Charity program offers cataract treatment for elderly residents in rural areas

Cai Wenjun
A joint charity project from the Qingpu District government and Shanghai Yida Hospital, is offering cataract diagnosis and treatment to elderly residents in Shanghai's rural areas.
Cai Wenjun

Elderly residents in rural areas, with serious cataracts, are now able to receive surgery thanks to a charity program launched by Qingpu District and Shanghai Yida Hospital.

A 96-year-old man with heart disease and serious cataracts is now able to see clearly after suffering from poor vision for over 20 years.

He had visited hospitals several times but failed to receive treatment due to his age and hearing problem.

Thanks to the charity program, a medical team went to Huaxin Town, where he lives, and offered treatment.
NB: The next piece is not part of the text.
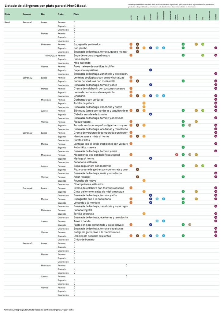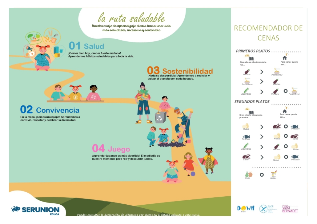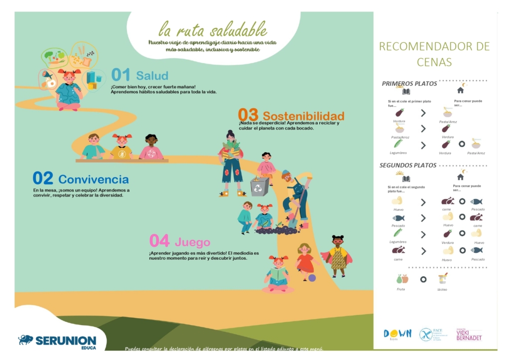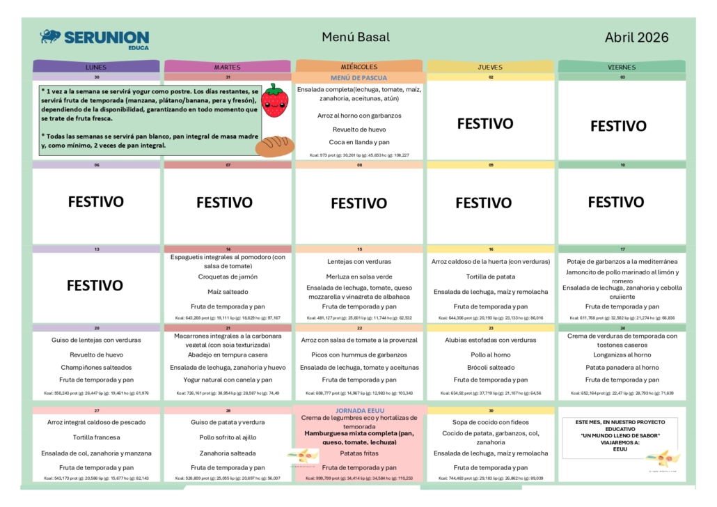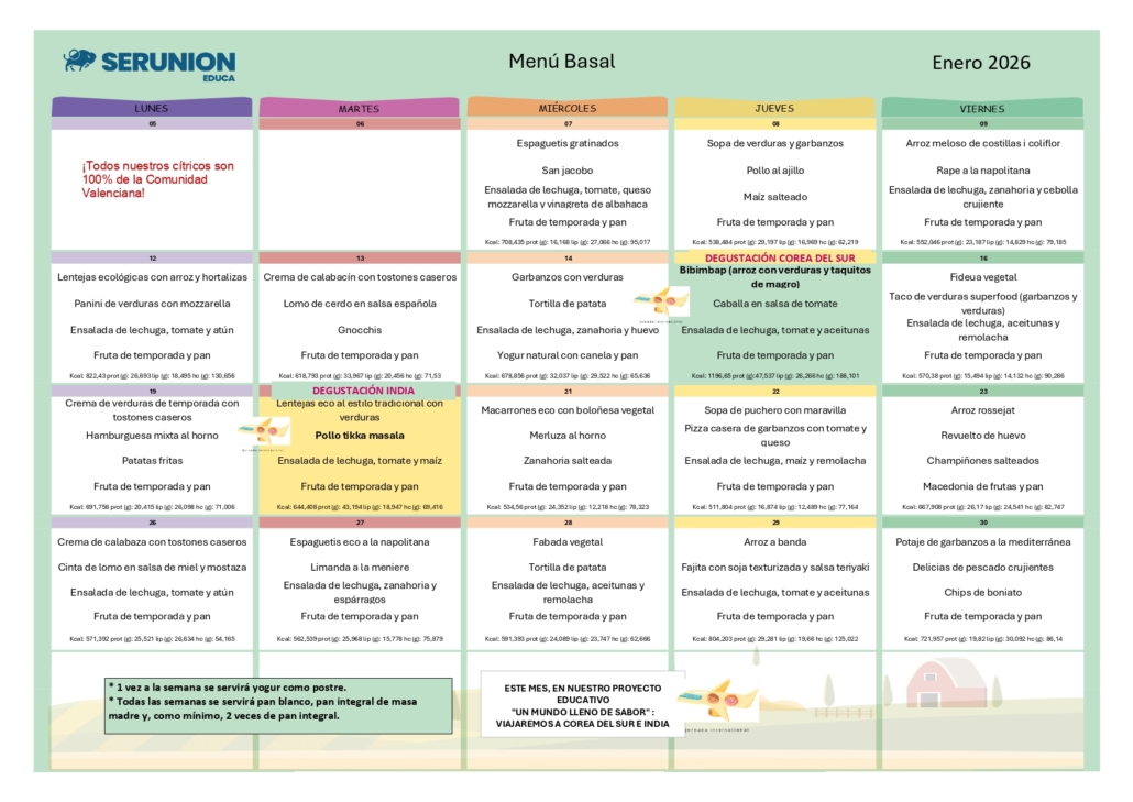 El comedor tiene cocina propia totalmente equipada. La empresa a cargo del comedor es SERUNION. Todos los menús son elaborados íntegramente en nuestras instalaciones y cumpliendo los máximos estándares de calidad, salubridad y trazabilidad, siguiendo las indicaciones de una nutricionista profesional para que sean equilibrados y variados. También contamos con menús para alumnos con necesidades alimenticias especiales (alérgicos, celíacos, dietas blandas…).

"The patient is almost blind and the cataract has worsened to grade-five, the most serious level," said Dr Chen Chaoli from Shanghai Yida Hospital's ophthalmology department. "Because of his old age and heart problem, we organized multidisciplinary consultation and worked out a detailed plan to ensure the safety and success of the surgery. Old age and underlying disease shouldn't prohibit cataract treatment, but we still need to be careful."

Experts said elderly people should visit the hospital for cataract diagnosis and treatment after suffering symptoms instead of delaying treatment. "Serious cataracts may cause other eye diseases like glaucoma. Patients won't only suffer blurry vision but also create more difficulties in treatment. When the cataract has influenced the vision, patients can consider receiving surgery."

According to the WHO, cataracts are the leading cause of blindness. About 35 percent of blindness and 25 percent of middle and severe vision injury is caused by untreated cataracts. The incidence for cataracts for Chinese patients between 60 and 89 is 80 percent, and is over 90 percent for people over 90. Surgery is the only cure.